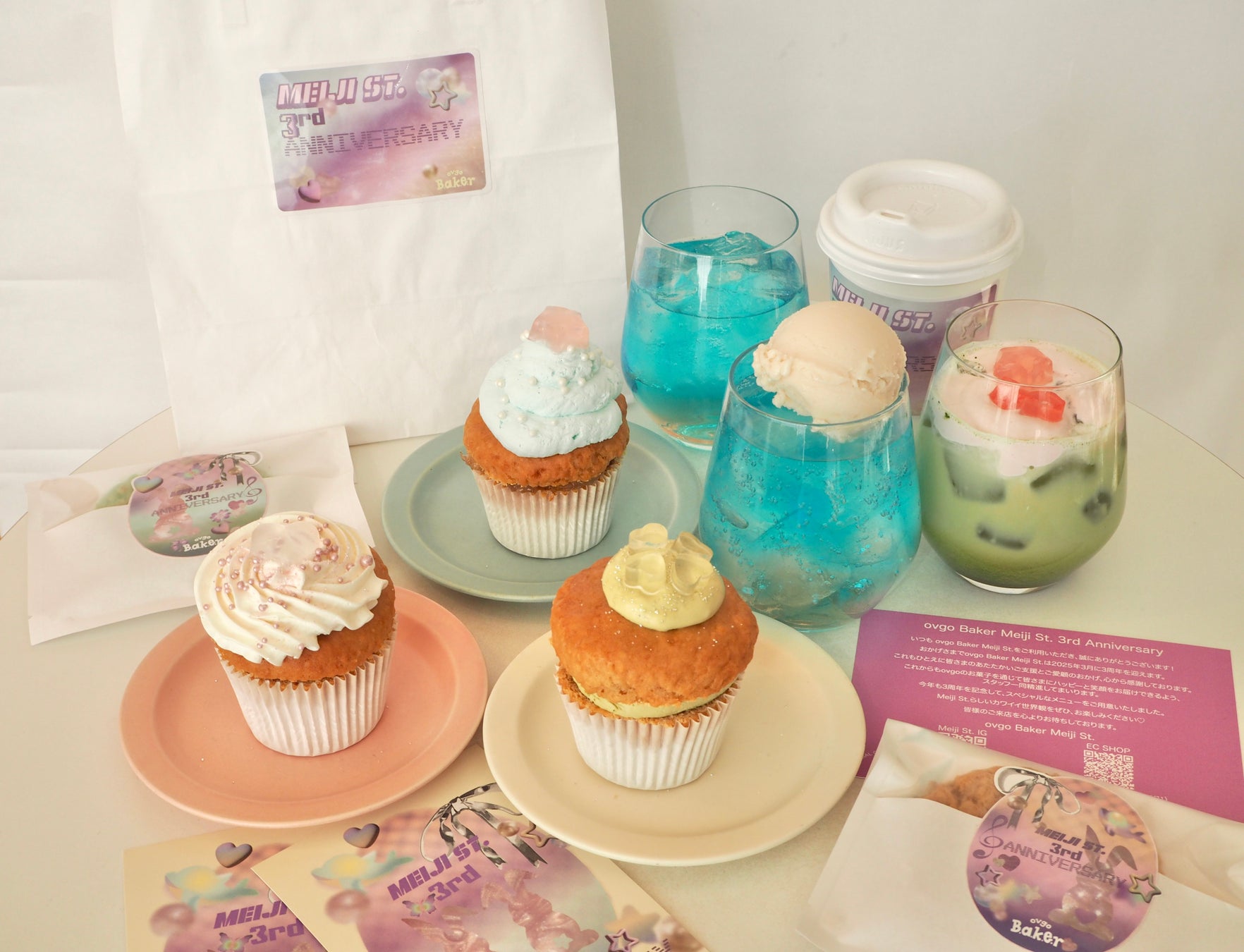 3周年を迎えるovgo Baker Meiji St.(オブゴベイカーメイジストリート)が期間限定のアニバーサリーイベントを開催!華やかな限定カップケーキやクッキー、ここでしか味わえないスペシャルドリンクが登場。店内も思わず写真を撮りたくなるアニバーサリー仕様の特別な雰囲気に♪
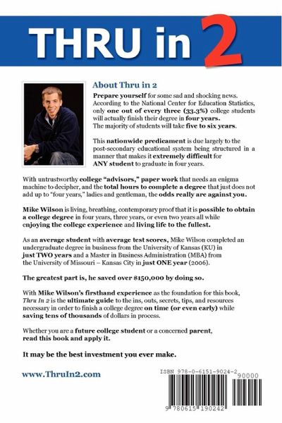 Thru In 2 is the ultimate guide to the ins, outs, secrets, tips, and resources necessary to finish a college degree on time (or even early) and saving tens of thousands of dollars in process. As an average student with average test scores, Mike Wilson (the author) completed his undergraduate degree in just TWO years from the University of Kansas (KU) as well as his Master in Business Administration (MBA) from the University of Missouri - Kansas City in just ONE year (2006). With Mike Wilson's firsthand experience as the foundation for this book, Thru In 2 is a quick and easy read that aims to provide future students with the information necessary to maximize their college career. Whether you are a future college student or a concerned parent, read this book and apply it's contents. It may be the best investment you ever make.
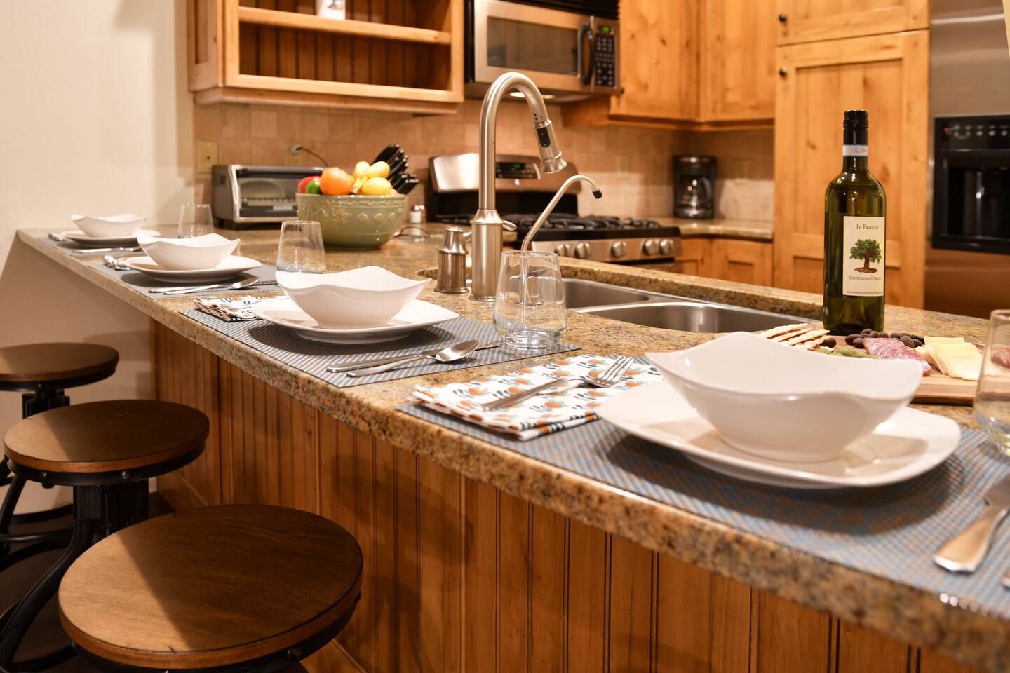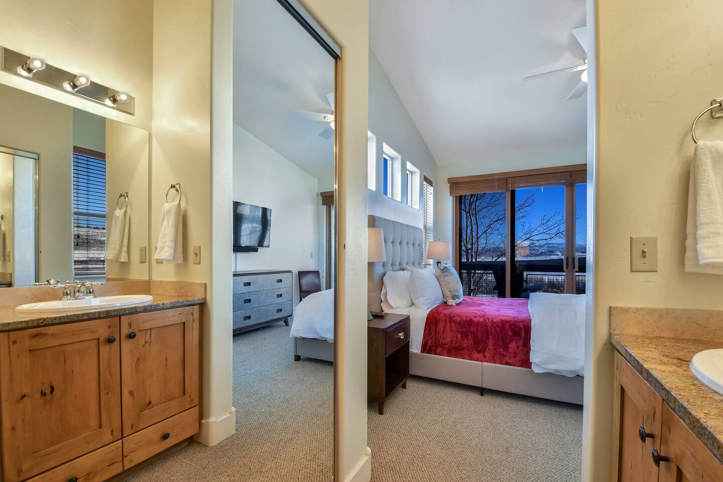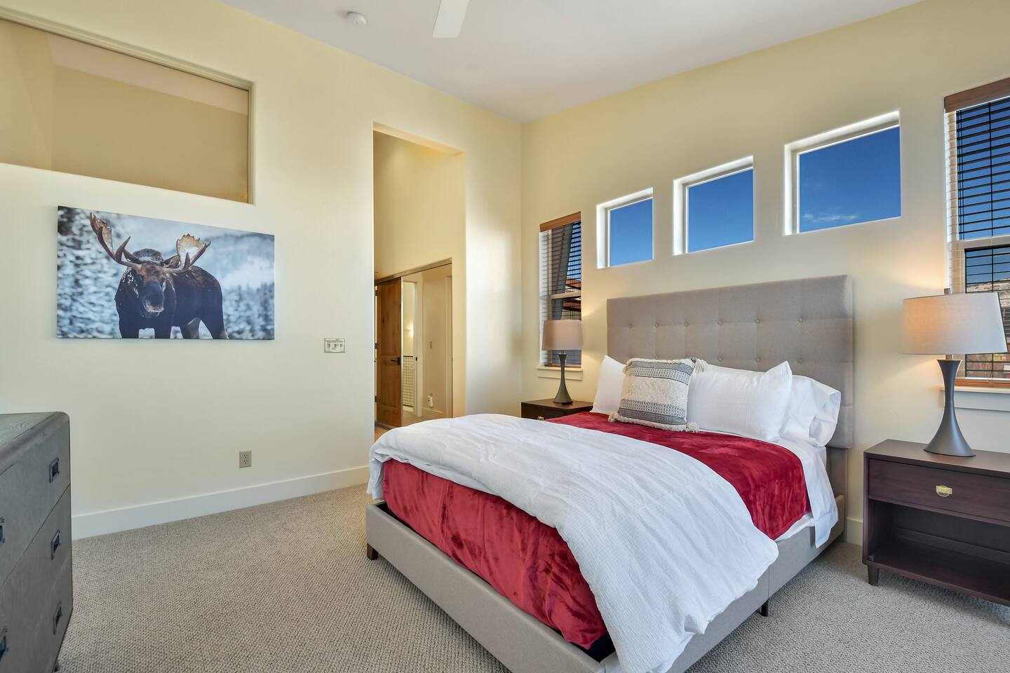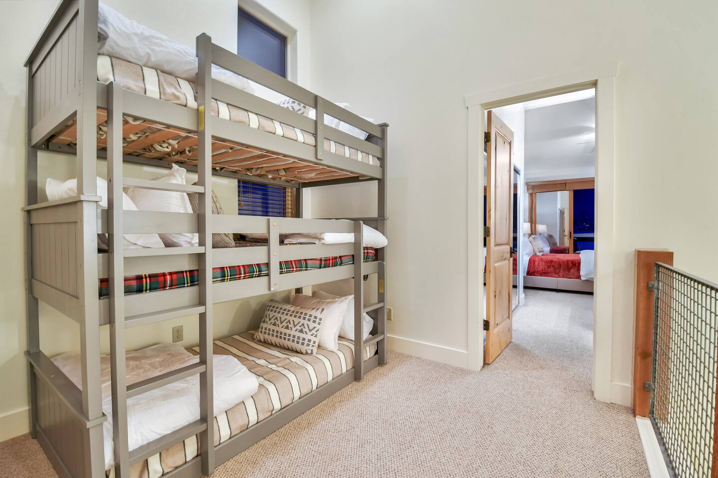 One thing to note is the bunk room is a converted loft. Guest walk through the bunk room to access the third guest room which houses a queen bed. For most people, this set up suits siblings, families, and relatives extremely well. However, if you are three adult couples, there may be better layouts for your group.

**REQUIRED ACTION**. Each line of the data must be restated exactly, and the pictures must be left out.

**SOLUTION FOR THIS PROBLEM**.
 3周年を迎えるovgo Baker Meiji St.(オブゴベイカーメイジストリート)が期間限定のアニバーサリーイベントを開催!華やかな限定カップケーキやクッキー、ここでしか味わえないスペシャルドリンクが登場。店内も思わず写真を撮りたくなるアニバーサリー仕様の特別な雰囲気に♪
 Thru In 2 is the ultimate guide to the ins, outs, secrets, tips, and resources necessary to finish a college degree on time (or even early) and saving tens of thousands of dollars in process. As an average student with average test scores, Mike Wilson (the author) completed his undergraduate degree in just TWO years from the University of Kansas (KU) as well as his Master in Business Administration (MBA) from the University of Missouri - Kansas City in just ONE year (2006). With Mike Wilson's firsthand experience as the foundation for this book, Thru In 2 is a quick and easy read that aims to provide future students with the information necessary to maximize their college career. Whether you are a future college student or a concerned parent, read this book and apply it's contents. It may be the best investment you ever make.
 One thing to note is the bunk room is a converted loft. Guest walk through the bunk room to access the third guest room which houses a queen bed. For most people, this set up suits siblings, families, and relatives extremely well. However, if you are three adult couples, there may be better layouts for your group.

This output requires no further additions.